Bungo Stray Dogs
by Rebecca Silverman,
How would you rate episode 29 of
Bungo Stray Dogs (TV 3) ?
You may think that the most terrifying thing about the great Russian novels is their length or sheer number of characters, and in the real world, you could be right, but in Bungo Stray Dogs, the scariest thing about them is their author. At least, that's the case for Fyodor Dostoyevsky, author of Crime and Punishment and The Brothers Karamazov, among other classics of the late 19th century. Other antagonists in the series have been alarming or clever, but over the space of this very strong episode, Dostoyevsky proves himself to be far more than those small words encompass. He's a master manipulator, and he's not without what he sees as compassion or mercy – what's scary is that he only sees death as the ultimate expression of both of those things, and as a compassionate and merciful man, he has no choice but to grant it to those he encounters. Dostoyevsky is operating by his own special moral code, and not only does he not care if it doesn't conform to yours, he has ways of making you believe in it, too.
All of this is further evidence of the fact that original series author Kafka Asagiri is well-versed in the works and lives of the authors who make up the characters in the story. In the case of Dostoyevsky, his group, Rats in the House of the Dead, is a reference to his semi-autobiographical tale of his time in a Siberian prison camp, House of the Dead, published in 1862. (It was serialized between 1860-62, but that's when the compiled edition came out.) Apart from being Leo Tolstoy's favorite Dostoyevsky work, the philosophical novel details the experiences and spiritual rebirth of its main character as he comes to understand the evils of incarceration and physical punishment as a tragedy for all of humanity and the countries that use them. This, coupled with the fact that Dostoyevsky was given a false execution in 1849 before being sent to Siberia, makes the character's stance that death is the ultimate mercy a reference to the distaste expressed for other modes of punishment. This is most clearly seen in the way Dostoyevsky treats the unnamed teenager who is a member of Ace's team – the boy is kind to him, tells him his hopes and terrible past history as a victim of first human trafficking and then Ace, is the last person left alive after Dostoyevsky has wiped out Ace's men (or rather, convinced them to wipe themselves out)…and is killed at the last. Any other character in this show, including Mori, would have offered the boy a second chance at life. Dostoyevsky thinks that the only true escape for him is death.

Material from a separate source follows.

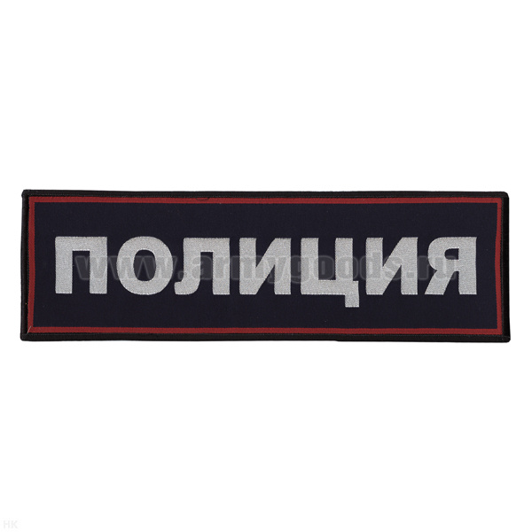 Нашивка на спину тканая Полиция (темно-синий фон, красный кант, серебристые буквы)

Ace himself may also be a reference to another of Dostoyevsky's works, specifically The Gambler, a short 1866 work published right after Crime and Punishment inspired by Dostoyevsky's own gambling addiction. (In fact, the novella was intended to pay off gambling debts.) Dostoyevsky's own preferred game was roulette, which we see potentially referenced in the card game he plays with Ace for his life, although of course he's really playing in order for Ace's – although Ace doesn't realize it, the moment he stepped into the room he was gambling for his life against Dostoyevsky's ability and intelligence, a sort of Russian roulette that his own overweening pride did not allow him to recognize.
Essentially Dostoyevsky himself is the embodiment of his most famous work: he sees crime and metes out punishment. That he clearly doesn't see himself as doing anything wrong is alarming, especially because he's going after all other ability users in Yokohama, both the Mafia and the Agency…and presumably the remains of the Guild as well. That he's teamed up with Nathaniel Hawthorne, as we saw at the end of season two, feels like a reference to the punishment dealt out in The Scarlet Letter to Hester Prynne, or rather, the self-satisfaction of those who inflicted it, as Dostoyevsky himself is at risk of becoming just such a character.
Sometimes a good villain can really make a show. Bungo Stray Dogs is perfectly good on its own, but Dostoyevsky might just be the character it needs to be even better.
Bungo Stray Dogs is currently streaming on Crunchyroll.